Categories: Film Reviews

Review: My Neighbour Totoro (1988)

Miyazaki has done some fine work in his time. Princess Mononoke, Spirited Away, Howl’s Moving Castle, and Ponyo are widely known as his best films. My Neighbour Totoro is also pretty highly rated. Praised by anime fans and film critics alike, I was expecting a new Nausicaa. What I got was a similar experience to Laputa. It is a better film than that, and it certainly is good, it’s just not really classic-worthy.

My Neighbour Totoro revolves around two little girls, Satsuke (Dakota Fanning) and her younger sister Mei (Elle Fanning), who move into the country to be closer to their hospitalized mother. Soon, however, they discover that the local forest is inhabited my magical creatures called Totoros. They befriend these creatures and start to form a strong bond with them and the forest.

I have a big problem with this film. The pacing. It may sound like a nit-pick, but it really did affect my enjoyment of the film. The way the scenes play off each other is just odd. One will last a very long time and show what is happening in great detail, and the next will go by so fast you wonder what the heck just happened. It’s Miyazaki’s most ‘kiddie’ film so far, although don’t get me wrong, that is not a bad thing. The trouble is, is that it’s called My Neighbour Totoro, yet Totoro is hardly mentioned or seen until the last half an hour.

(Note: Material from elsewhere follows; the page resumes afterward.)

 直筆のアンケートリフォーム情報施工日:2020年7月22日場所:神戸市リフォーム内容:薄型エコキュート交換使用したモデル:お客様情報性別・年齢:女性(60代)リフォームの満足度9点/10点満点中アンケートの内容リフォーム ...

The film is very short at only 82 minutes, but it does tend to drag in the first and second act. And it only does that because in the last 20 minutes or so we get this snowstorm of stuff happening that, after the ultra-low-key-feel of the first hour, is difficult to understand and take in.

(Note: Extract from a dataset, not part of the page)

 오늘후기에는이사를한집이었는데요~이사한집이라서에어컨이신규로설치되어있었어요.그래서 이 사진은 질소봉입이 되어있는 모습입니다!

With all that said, the film is still good. The animation is very nice, although still not as good as Laputa or Nausicaa. The character designs are charming and unique, and you actually feel for them and what they’re going through. They’re not just cardboard cut-outs. The music, done, once again, by long-time Miyazki collaborator Joe Hisaishi, is excellent as usual.

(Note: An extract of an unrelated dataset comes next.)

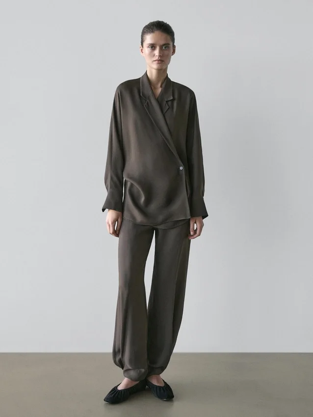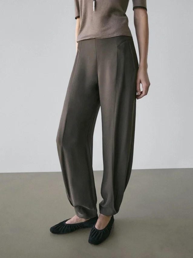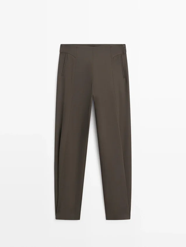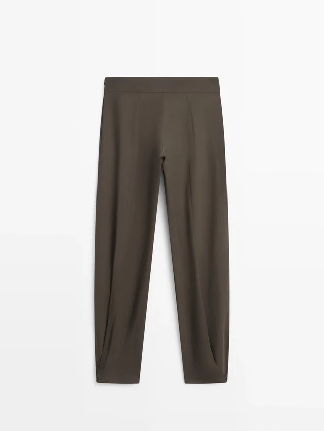 Sarouel Trousers: Loose-Fitting Silhouette, Wide Leg Volume and Ankle Fit.. Side Zip Fastening. Two Side Pockets. Darted Detail on the Front. Matching Garment Available.

Overall, My Neighbour Totoro could have benefited if one thing was removed. The Totoros! In the same way Ponyo had a kind of unnecessary sub-plot about the end of the world, the Totoros were pointless. Why not just make a film about two little girls dealing with their hospitalized mother while also trying to adjust to a new area. That would’ve been great! Because when you get right down to it, this is an extremely un-western film.

The western way is having action all the time. Stuff has to happen every scene. This film is not based on conflict, rather discovery. And that is great. I really want to see a Miyazaki film around the discovery aspect, just without the fantasy stuff.